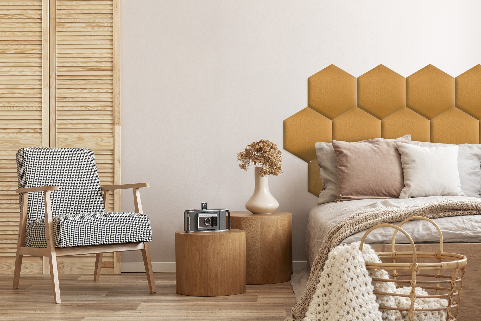Čalouněné panely jsou dostupné v módních trendových barvách v různých velikostech a tvarech. Jsou vyrobeny z MDF desek s pěnovou výplní. Panely jsou potaženy různými materiály od kvalitní velurové látky s jemným leskem až po Eko kůži. Doplňte čalouněné panely za postel do ložnice a vytvořte si útulný prostor pro odpočinek s posílenou zvukovou a tepelnou izolací.
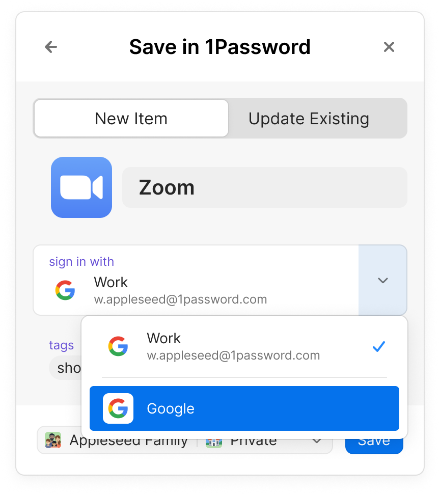 Empower users to seamlessly manage SSO logins within 1Password, eliminating the need to remember which provider they used for each website.
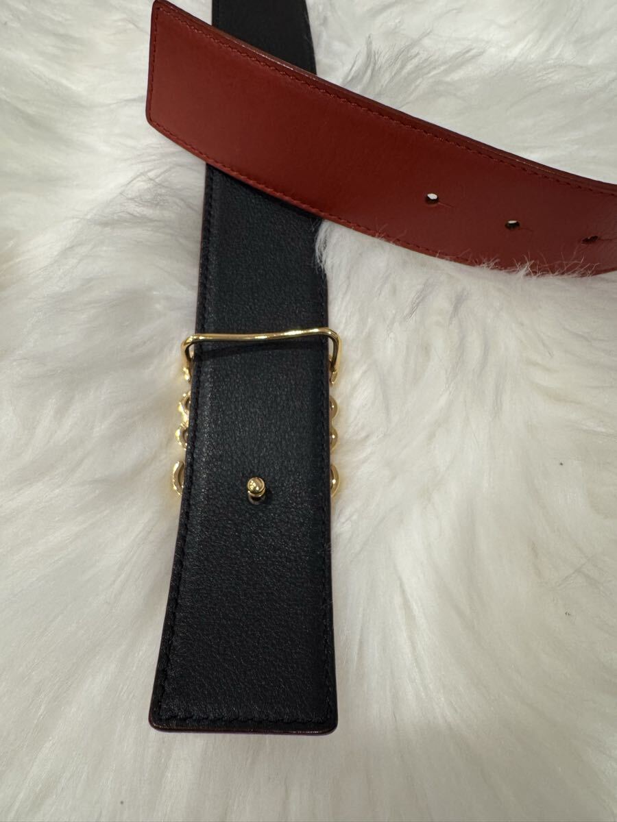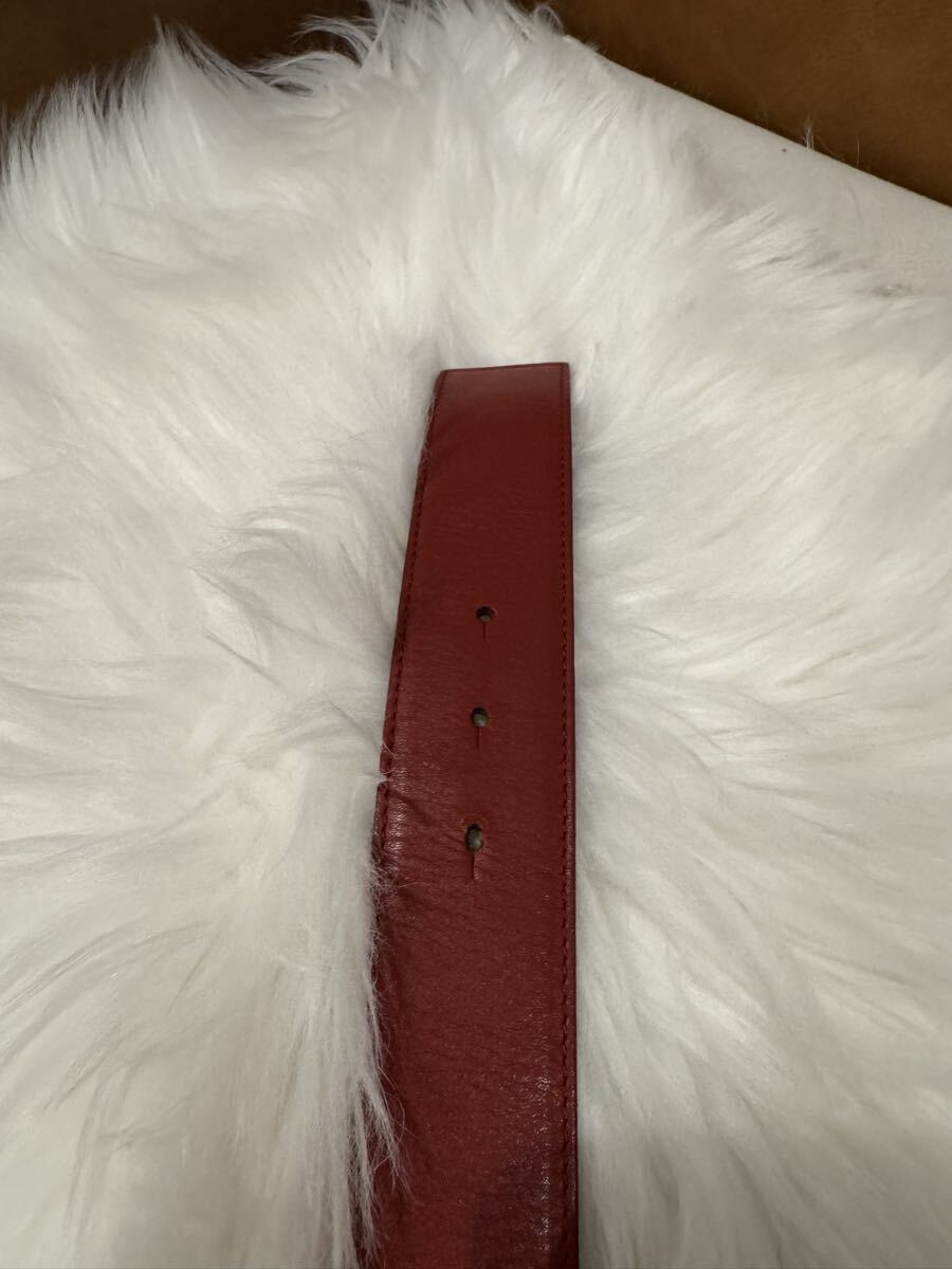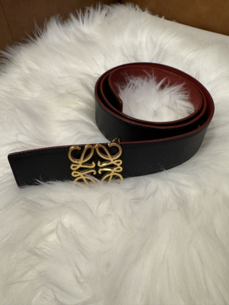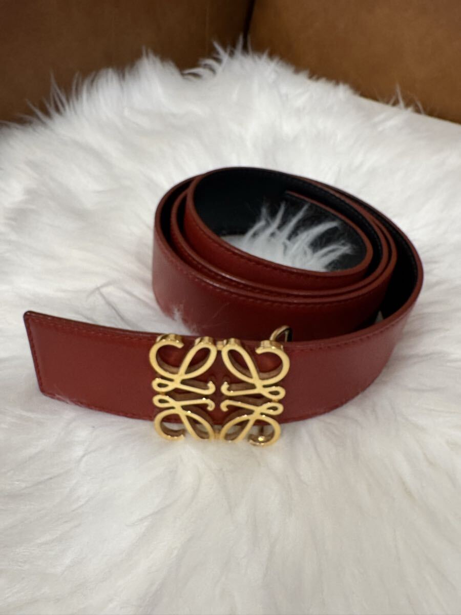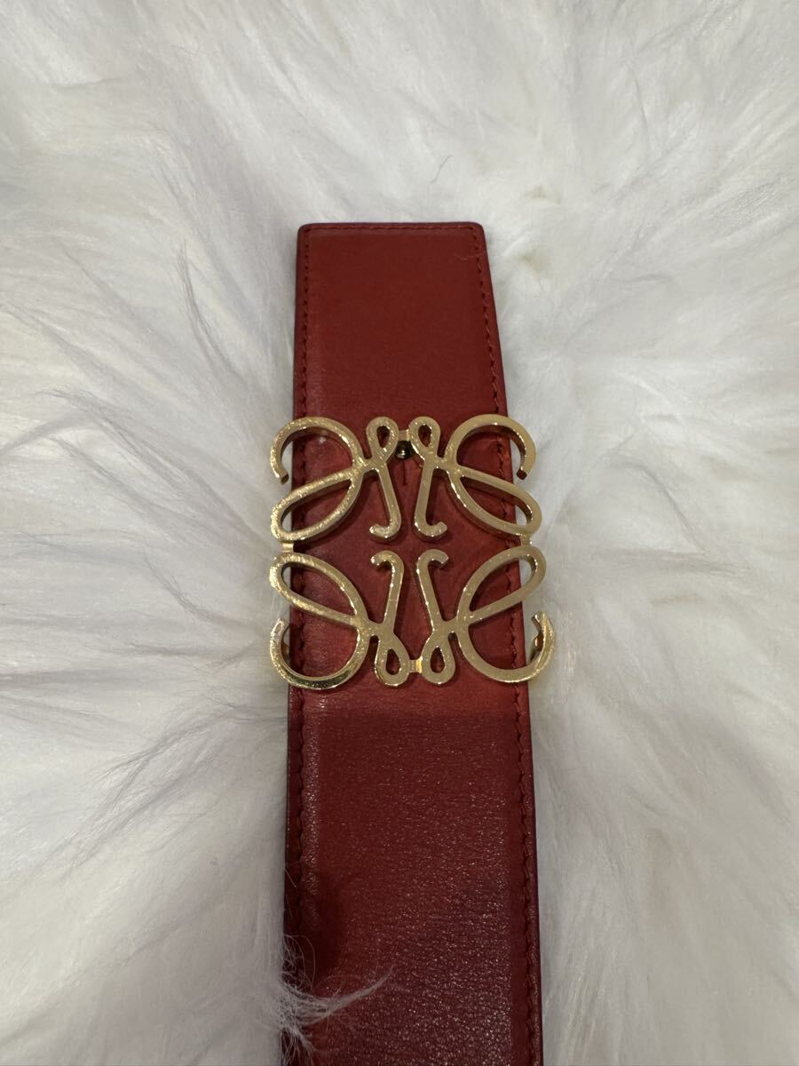 1円スタート ロエベ LOEWE ベルト アナグラム レザー レッド ブラック メンズ 95-100cm
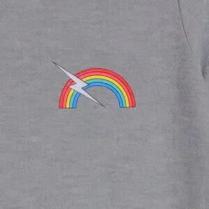 Color: Heather gray with stripes and rainbow and lightning bolt graphic design
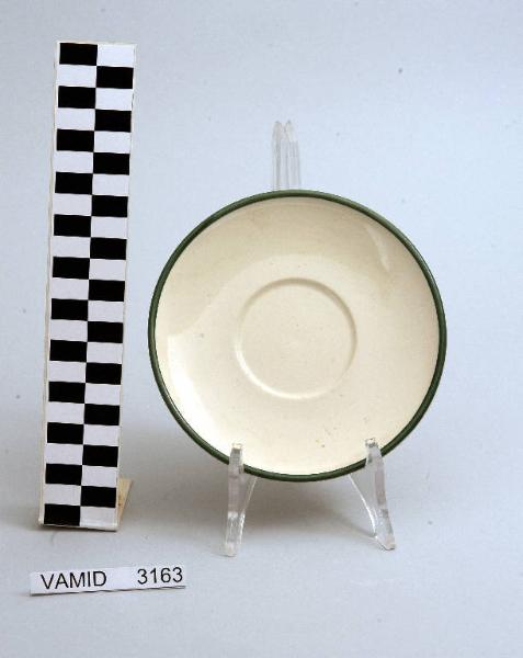 Piattino da thè circolare bianco; bordo rifinito in verde.
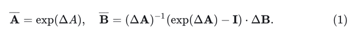 Mamba 模型的 token mixer 是 selective SSM[9][20],其包含4个 input-dependent 的参数, 并将它们通过下式变为 :
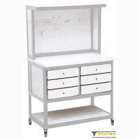 Подкатной столик АКТАКОМ АРМ-5153-9-ESD позволяет удобно расположить, а также перемещать приборы и другое оборудование по рабочей зоне и является практичным дополнением к рабочим столам АКТАКОМ серии АРМ-4ххх. Цвет алюминиевого каркаса - серый (RAL-9006), цвет ДСП - белый. Столешница выполнена из антистатического (ESD) меламинированного ДСП толщиной 25 мм.
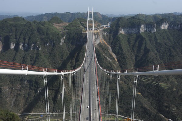 Aizhai Great Suspension Bridge, located in the town of Aizhai in Hunan province. Aizhai Suspension Bridge is about 20 km from Jishou city. It is crossing the surrounding valley near the Aizhai town, and Dehang river flows under the bridge. The difference between bridge deck designed elevation and ground elevation is 330 meters, total length of 1073.65 m, with the suspension bridge main span at 1176 m. The bridge that crosses the Aizhai Grand Canyon is the third highest mainspan in the world, and the first in Asia. The bridge is colored red, with 1,888 lights to increase visibility at night. |
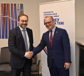 Ministar građevinarstva, saobraćaja i infrastrukture Goran Vesić i šef Delegacije Evropske unije u Srbiji Emanuele Žiofre razgovarali su danas o usaglašavanju zakona iz oblasti transporta i infarstrukture sa pravnim tekovinama Evropske unije
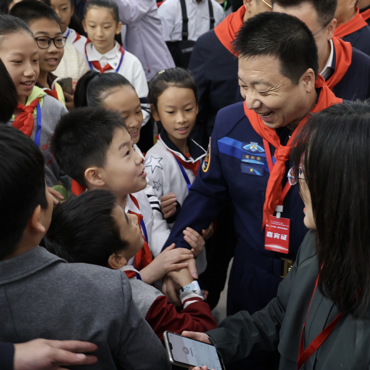 Yang Liwei interacts with young students during an activity in Beijing on Oct 16, 2023 to commemorate the 20th anniversary of China's first manned space flight. XU JINGXING/CHINA DAILY
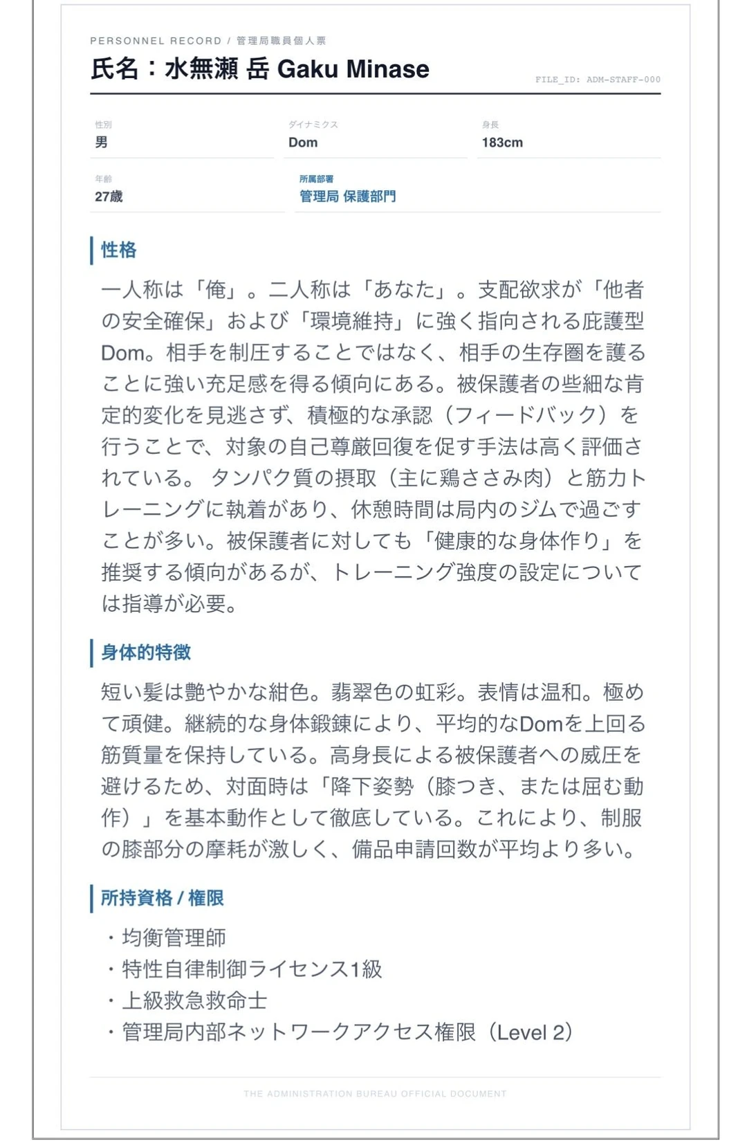 管理局 Dom/Sub関係の崩壊や虐待を是正するための公的機関。所属する職員は監督官と呼ばれる。職員にはDomもSubもおり、職員同士の仲は良い。被害者保護部門、加害者更生部門、管理・調査部門、等がある。
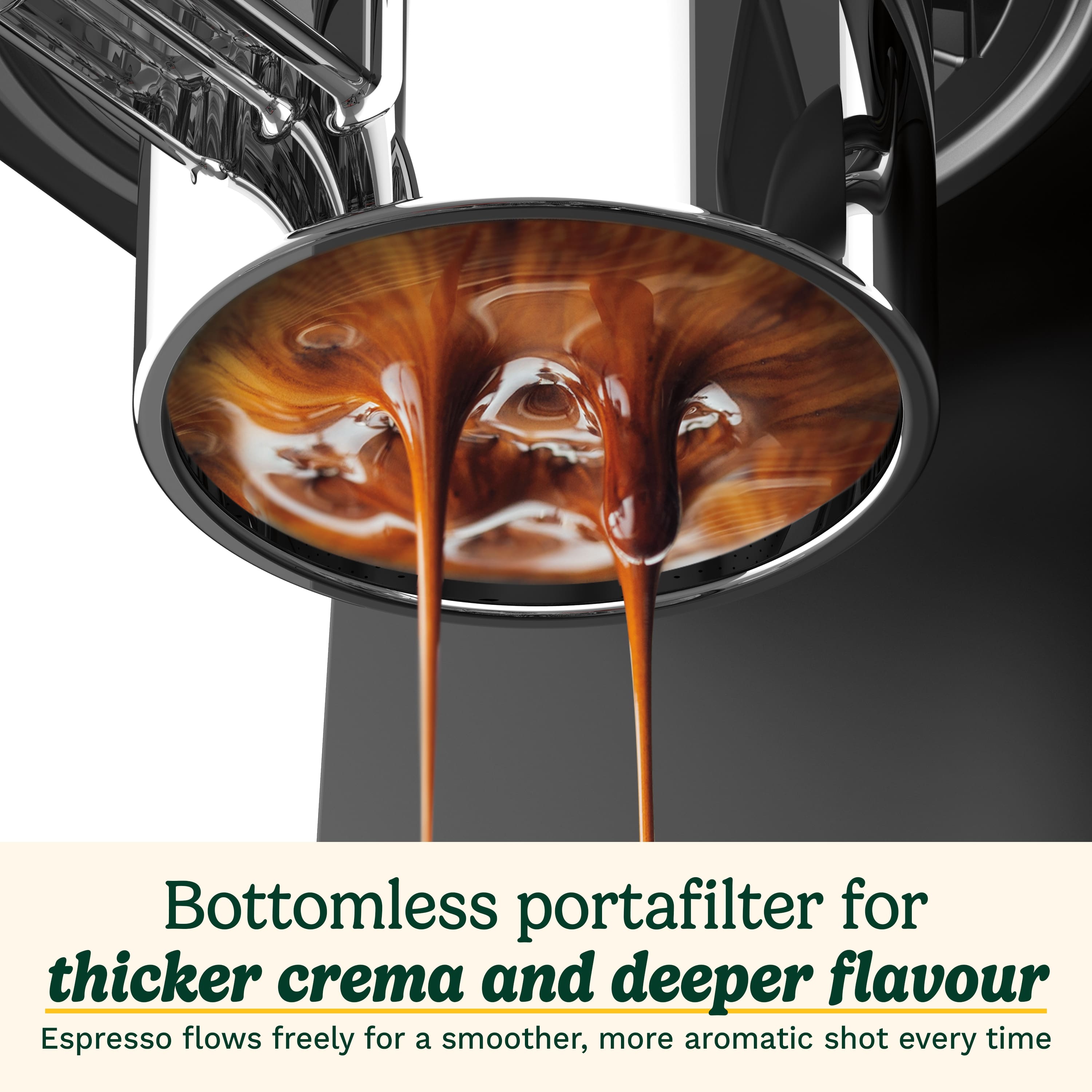 - Bottomless portafilter for richer flavour: Achieve a thicker crema and deeper flavour thanks to the bottomless portafilter that reduces metal contact, letting your espresso flow freely for a smoother, more aromatic shot every time.

----------------

* **Task**: No pictures should appear in the copy, which holds exactly the lines from the first line of the data through the line with "Aizhai Great Suspension" and nothing else.

* **Exercise answer**:
Čalouněné panely jsou dostupné v módních trendových barvách v různých velikostech a tvarech. Jsou vyrobeny z MDF desek s pěnovou výplní. Panely jsou potaženy různými materiály od kvalitní velurové látky s jemným leskem až po Eko kůži. Doplňte čalouněné panely za postel do ložnice a vytvořte si útulný prostor pro odpočinek s posílenou zvukovou a tepelnou izolací.
 Empower users to seamlessly manage SSO logins within 1Password, eliminating the need to remember which provider they used for each website.
 1円スタート ロエベ LOEWE ベルト アナグラム レザー レッド ブラック メンズ 95-100cm
 Color: Heather gray with stripes and rainbow and lightning bolt graphic design
 Piattino da thè circolare bianco; bordo rifinito in verde.
 Mamba 模型的 token mixer 是 selective SSM[9][20],其包含4个 input-dependent 的参数, 并将它们通过下式变为 :
 Подкатной столик АКТАКОМ АРМ-5153-9-ESD позволяет удобно расположить, а также перемещать приборы и другое оборудование по рабочей зоне и является практичным дополнением к рабочим столам АКТАКОМ серии АРМ-4ххх. Цвет алюминиевого каркаса - серый (RAL-9006), цвет ДСП - белый. Столешница выполнена из антистатического (ESD) меламинированного ДСП толщиной 25 мм.
 Aizhai Great Suspension Bridge, located in the town of Aizhai in Hunan province. Aizhai Suspension Bridge is about 20 km from Jishou city. It is crossing the surrounding valley near the Aizhai town, and Dehang river flows under the bridge. The difference between bridge deck designed elevation and ground elevation is 330 meters, total length of 1073.65 m, with the suspension bridge main span at 1176 m. The bridge that crosses the Aizhai Grand Canyon is the third highest mainspan in the world, and the first in Asia. The bridge is colored red, with 1,888 lights to increase visibility at night. |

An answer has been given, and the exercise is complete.